И протопоп рассказал жене все, что было с ним у Гремучего ключа во время грозы, и добавил, что отныне он живет словно вторую жизнь, не свою, а чью-то иную, и в сем видит себе укоризну, и урок.

Наталья Николаевна только моргала глазками и, вздохнув, проговорила:

— Что же? Благословен Бог твой, Савелий Ефимыч. Ты что ни учредишь, все хорошо.

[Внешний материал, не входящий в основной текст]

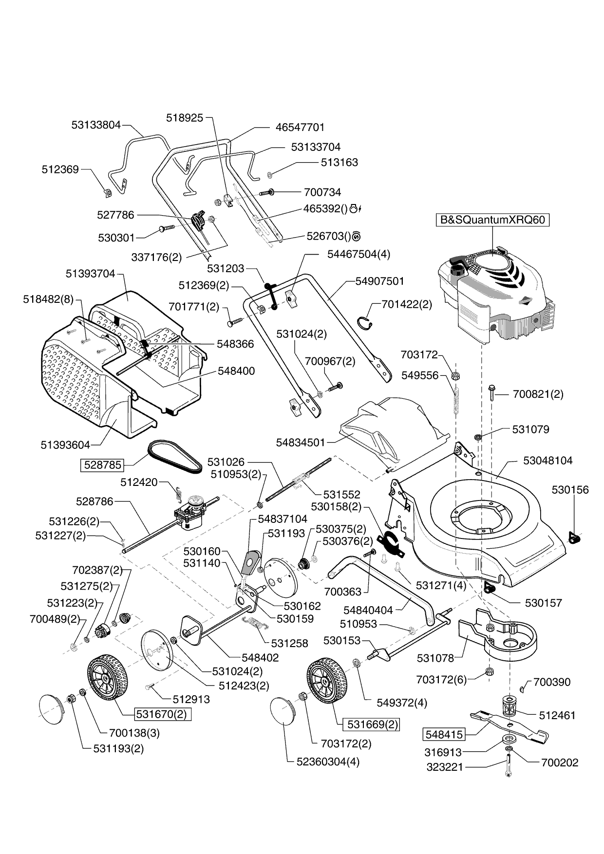 Zeichnungen von Ginge Benzinrasenmäher CF 520 B AUTO 05/2006 - 05/2007 mit der Geräte-Artikelnr. 121247:
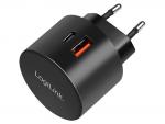 USB punjač, 1xUSB-A QC 3.0 + 1xUSB-C PD 3.0, 20W, crni
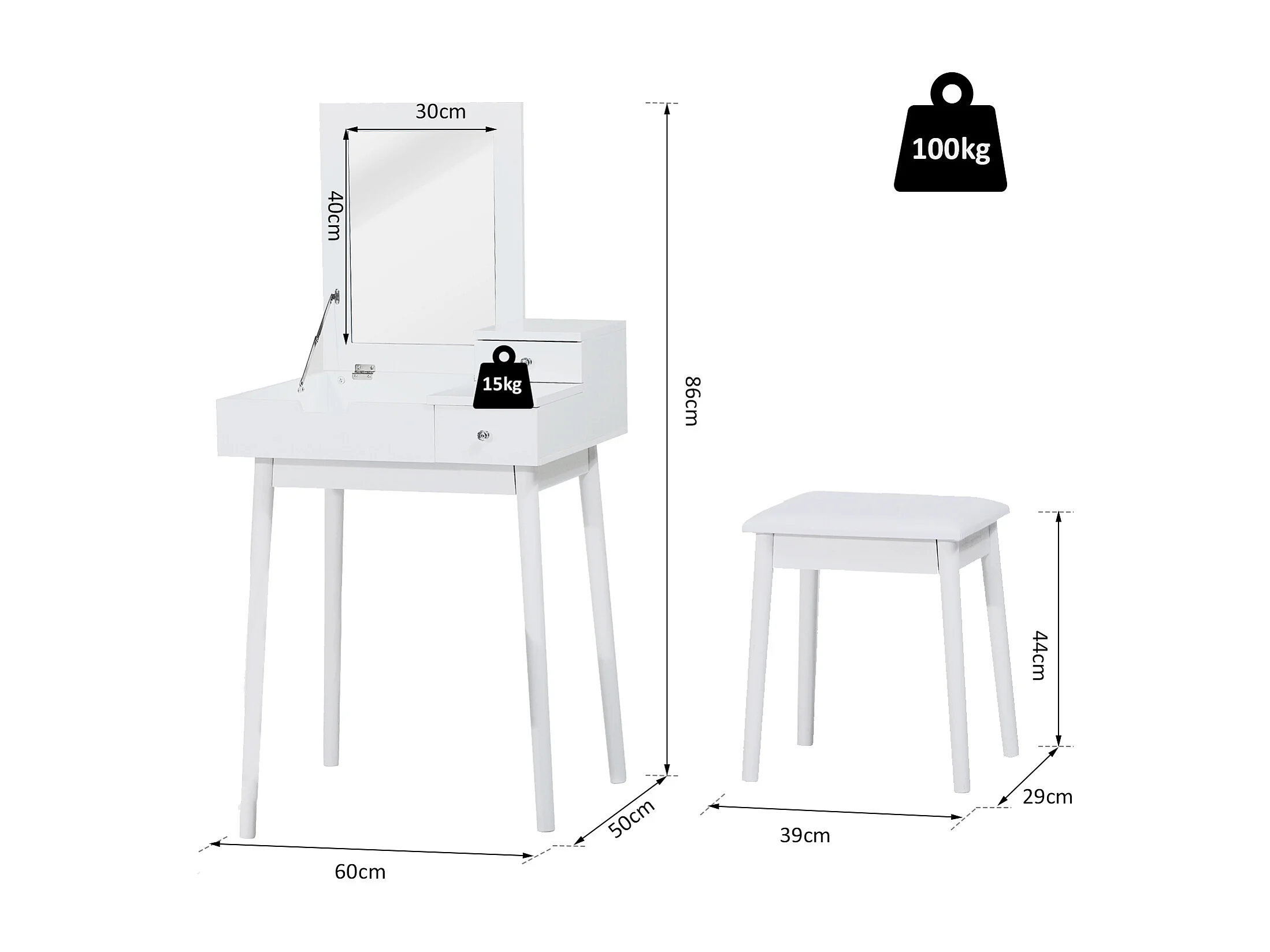 Coiffeuse table de maquillage avec tabouret miroir rabattable coffre + 2 tiroirs MDF bois massif pin blanc
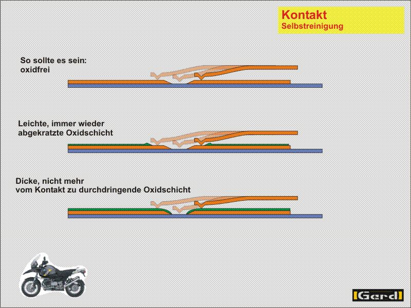 Alle mechanischen Schalter haben dann wenige Probleme, wenn ihre Kontaktflächen zueinander verschoben werden und dies auch regelmässig geschieht. Dabei „schmirgeln“ sich die Kontakte genau dort wo sie es brauchen frei. Werden sie länger nicht benutzt schaffen sie es nicht mehr weil die Oxidschicht zwischenzeitlich zu dick/hart wurde. Schalter deren Kontakte sich nur aufeinander zubewegen (Taster) haben es schwerer.

— А того? — протопоп остановился. Ему хотелось узнать о дьяконе, вернулся ли Ахилла и какие привез ответы? Но старик понимал, что, верно, нет ничего хорошего, потому что иначе Наталья Николаевна уже поспешила бы его обрадовать.

— Ты, верно, насчет дьякона? — спросила его Наталья Николаевна.

— Да.

— Он приехал.

— Когда?

— Позавчера еще приехал.

— И что же?

Наталья Николаевна махнула рукою и проговорила.

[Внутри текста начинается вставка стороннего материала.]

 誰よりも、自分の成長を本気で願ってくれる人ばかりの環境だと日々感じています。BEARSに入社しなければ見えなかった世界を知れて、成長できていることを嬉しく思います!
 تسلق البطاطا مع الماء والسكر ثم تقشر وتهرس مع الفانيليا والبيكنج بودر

— Ничего не дождался, никакого ответа.

Туберозов отвернулся и, не говоря жене более ни слова, подошел к блестящему медному рукомойнику и стал умываться. Протопоп, по собственному его выражению, любил «истреблять мыло» и умывался и часто и долго, фыркая и брызжа и громко клокоча в горле набранною в рот водою.

Во все это время, как он умывался, жена ему рассказывала потихоньку и еще одну досаду: у нее в отсутствие Туберозова, комиссар Данилка взял свою жену Домницелю; потому что ей-де ксендз причастия не дает за то, что она у попа живет.

— И все это, все это, — говорит Наталья Николаевна, — устроила акцизница. — Что ей от нас нужно, Бог ее знает, — все нам напротив, все на досаду строит.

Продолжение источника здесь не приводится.